И когда заиграл, Серёга мигом стащил с ног валенки, вылетел на середину горницы, весело зашлёпал босыми ногами. Плясал, покуда не уморился…

Мимо нашего дома шли Саша Андреев и Саша Тимофеев. Заслышали музыку, завернули в наш дом. В гостях перебывала за вечер чуть ли не вся деревня. Я совсем разбил пальцы, но боли не чувствовал. Шла война, стояла зима, и всем хотелось хотя бы на короткий срок позабыть о страшном. Плясали вприсядку, пели весёлые частушки.

Спать я лёг с балалайкой, положил её с собою рядом. Серёга завидовал мне, осторожно трогал струны.

Утром ни свет ни заря пришла встревоженная Матрёна Огурцова.

— Вчера в Усадине была. Деревня вверх дном перевёрнута. Раньше только налог брали, а теперь тащат всё подряд: сено, муку, картошку, овчины, валенки. Говорят, чтобы партизанам не помогали. В Носовой Горе брали сено, хозяйка мешать стала, так прикладом ударили и всё увезли — до малой сенинки! Прятать надо то, что осталось. В любую минуту могут нагрянуть.

Я невольно прижал к себе балалайку. А вдруг и её отнимут каратели? Я встал, быстро оделся, запеленал инструмент куском синей байки. Выбежал на улицу, по сугробам, проваливаясь в снег, пробился к бане, спрятал бесценный свёрток в сухом котле, накрыл тяжёлой чугунной крышкой.

Дома меня ждала мать. Возле печи стоял красный сундук, и наша мать укладывала в него всё ценное. Я стал помогать. Уложили отцовский полушубок, вышитое льняное полотенце, чёрную шаль, медный самовар, всю нашу хорошую одежду, пару новеньких валенок, огромный моток шерстяной пряжи, спички, мешочек с солью, патефон с пластинками, мешок блинной муки…

— Куда деть ржаную — не ведаю, — мать развела руками, вздохнула тяжко. — В солому положить? Найдут, обязательно. Хоть в лес уноси.

— Гудит! — Серёга в ужасе бросился к матери.
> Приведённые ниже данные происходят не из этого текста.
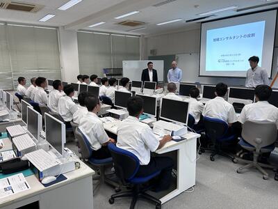 3年生課題研究の時間に、『地域コンサルタントの役割』という題で地元の建設コンサルタントの水野建設コンサルタントから3名のOBの方から講義を受けることができました。
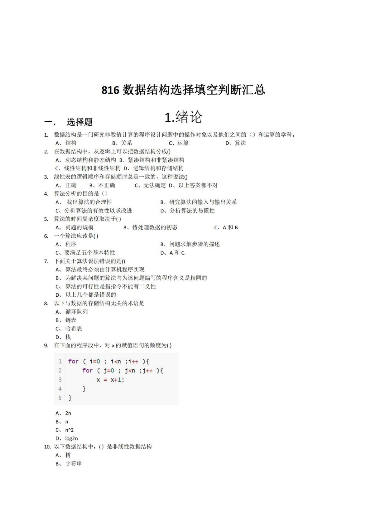 南京信息工程大学816数据结构选择填空判断汇总

Гул нарастал, по дороге шли машины, они были уже рядом. Мы с матерью потащили сундук к подвальному люку, но дотащить не успели — резко растворилась дверь, в комнату ввалились каратели. Увидев сундук, фашисты захохотали. Особенно громко смеялся носатый чин с нашивками на погонах, видимо фельдфебель. Обмороженный нос весело кривился.

— О-о, целый богатство! — пришёл фельдфебель в восторг, приоткрыв крышку сундука. — Вы хотеть отдавать это партизанам? Плёхо, ошень плёхо! Надо помогайт немецки армия!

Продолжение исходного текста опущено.